İçeriğe geçmek için "Enter"a basın

1 Mayısta Neler oldu?

Kapatılma tehdidiyle karşı karşıya kalan bir partinin hükümet olduğu Türkiye’de, 1 Mayıs’ın Taksim’de kutlanması yasaklandı ve polis gücü, kendine göre bir sivil kalkışmayı bastırma provası yaptı. AKP düzenli bir şekilde kan kaybediyor; Kürtlerden sonra emekçileri de karşısına alan faşizan ve seçkinci çizgisini sürdürüyor. Gücünü onca yaranma çabasına rağmen dışlandığı devlet yapısı içinde daha fazla devlet olmaya çalışarak ve temsiliyet krizi yaşayan toplumsal muhalefetin daha fazla kan kaybetmesini sağlayarak muhafaza etmeye çalışıyor.

Aslında binlerce polisin seferber edilmesi, Taksim’de buluşmaya kararlı yüzbinleri durduramazdı. Fakat, sendika yöneticileri sivil itaatsizlik biçimi alması zorunlu organize bir eylemi göze alamadı ve emekçi kitleleri ortada bıraktı. Bu da Türkiye’de solun niçin dirilişi yaşayamadığını ve kişiliksizleştiğini bir kez daha gösterdi.

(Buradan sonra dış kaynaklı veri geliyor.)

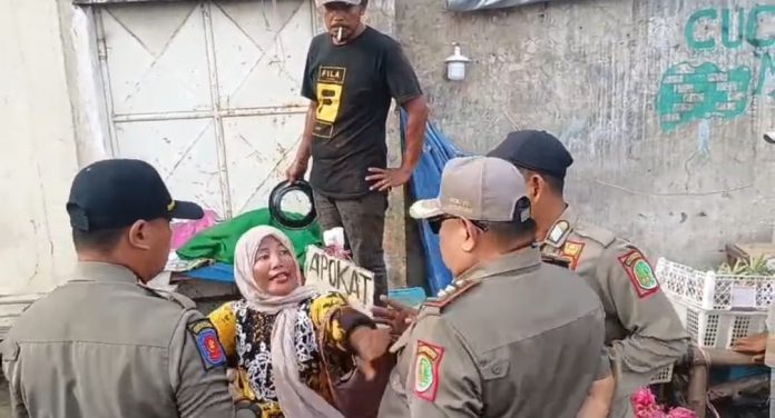 Kericuhan terjadi saat petugas mulai membongkar lapak PKL yang berdiri di atas trotoar. Salah satu pedagang terlihat emosional, menantang petugas untuk berkelahi dan menolak dipindahkan dari lokasi berjualan yang dilarang.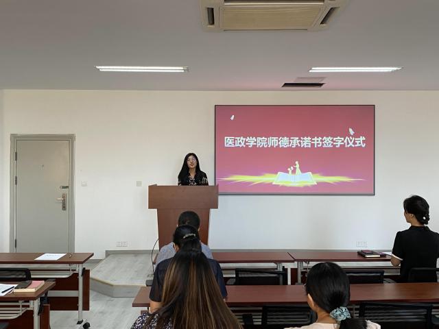 9月8日,为庆祝教师节,医政学院举行教师节庆祝活动--医政学院科研创新团队成立暨新教工师德承诺书签字仪式。全体院领导及教职工参加活动。仪式由王建芬书记主持。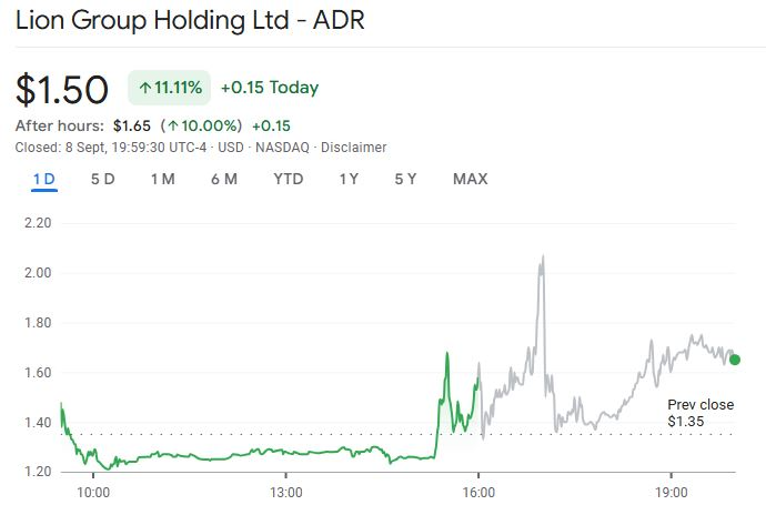 Lion Group’s stock price has reacted positively to the news, ending the latest session well into the green with gains of over 11%.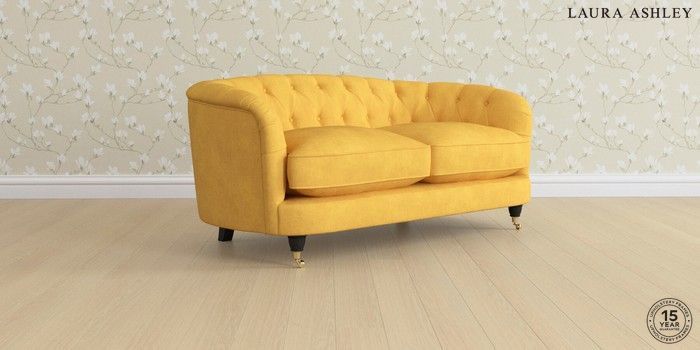 7.0.3 Buy Hathersage by Laura Ashley 2 Seater Sofa Bainton Ochre Yellow Low Brass Castor - Black from the Next UK online shop Click here to use our accessible website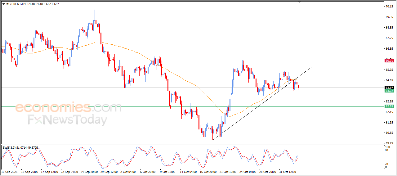 The (Brent) price declined in its last intraday trading, affected by the negative pressure that comes from its trading below EMA50, affected also by breaking bullish corrective trendline on the short-term basis, besides the emergence of negative crossover on the relative strength indicators, after offloading its oversold levels, intensifying the negative pressure.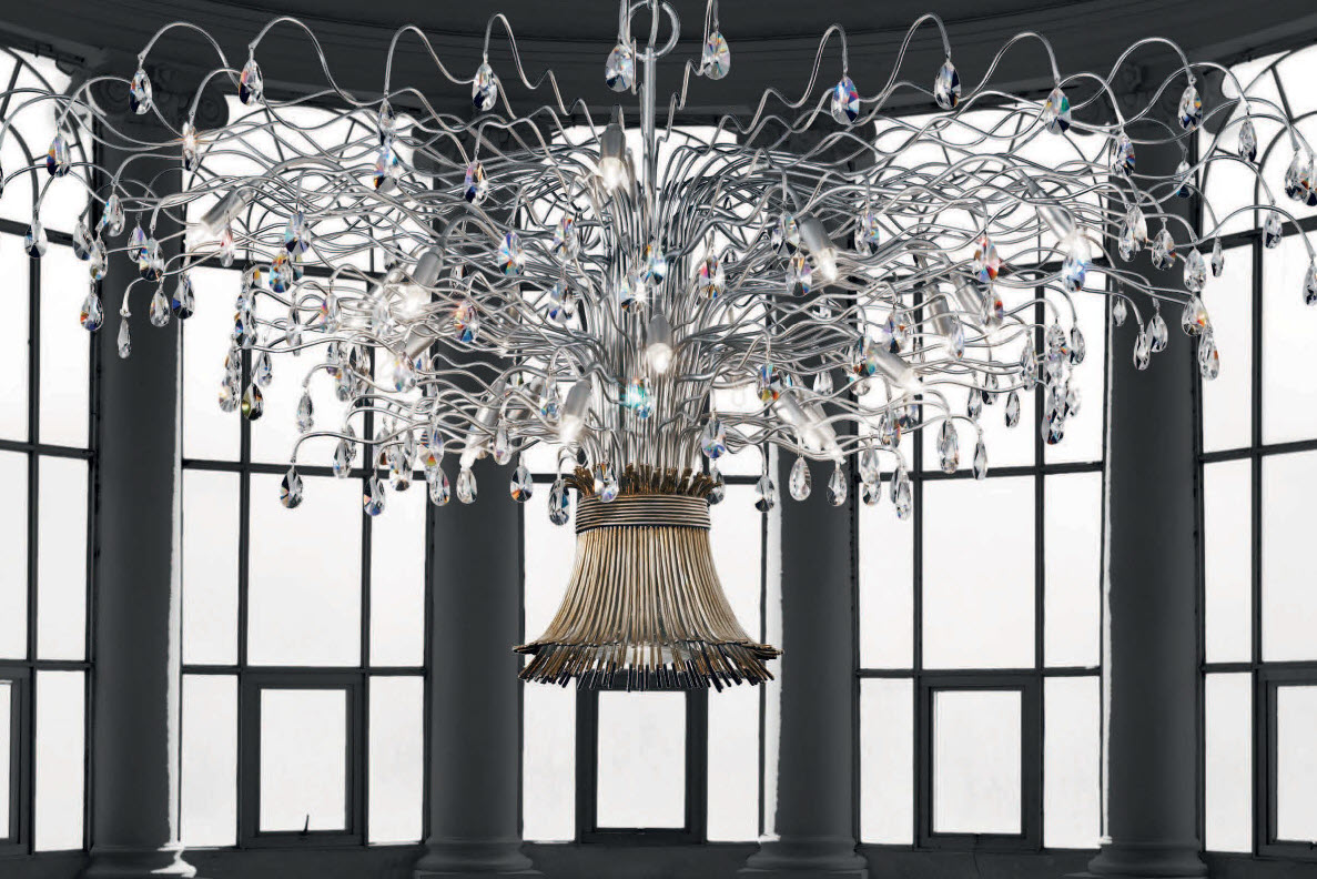 Классическая люстра CLOTH в широком металлическом корпусе с золочением. Многочисленные лампы модели, расположенные по кругу на разных уровнях, украшены полупрозрачными абажурами из фиолетового текстиля с эффектной драпировкой. Дополнительно изделие декорировано россыпью кристально-прозрачных бусин из муранского стекла, собранных на длинные низки.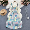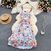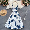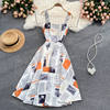 Fleepmart Square Collar Magazine Print Midi Dress For Women 2022 Slim Elegant Spaghetti Strap Prom Vintage Kawaii Dresses

1 Mayıs’ta İstanbul’da meydana gelen tablonun hükümet ile Taksim meydanına çıkmakta güya ısrar eden  iki sol sendika (DİSK ve KESK) arasındaki anlaşmazlıktan kaynaklandığı söylenebilir. AKP Avrupai ve eğlenceli 1 Mayıs kutlamalarına razıydı. Fakat, AKP sol sendikaları ve yöneticilerini kendisini hükümetten düşürmek isteyen güçlerin hizmetinde gördü – ki bu görüş yanlış değildir.

DİSK ve KESK, açıkça AKP karşıtı cumhuriyetçi cepheye eklemlenmiş görünmese de, esas olarak askeri ve sivil bürokrasinin darbeci yaklaşımına değil, AKP’ye muhalefet ediyor. Özellikle Kürt meselesinde bu iki sendikanın aldığı tutum ve kararlara bakıldığında, resmi devlet ideolojisinin kırmızı çizgilerine oldukça duyarlı oldukları, demokrasi mücadelesinde etkili olmak istemedikleri kolaylıkla görülebilir. Sözkonusu laik-islamcı kutuplaşması olduğunda, AKP’ye karşı muhalefet canavarı kesilirken cumhuriyet-bayrak mitinglerinin Ergenekon çetesini de içeren bir ağın parçası olduğunu görmezden geldikleri ve emekçi kitlelerin sol adına bu ağa eklemlenmesini adeta teşvik ettikleri bile söylenebilir.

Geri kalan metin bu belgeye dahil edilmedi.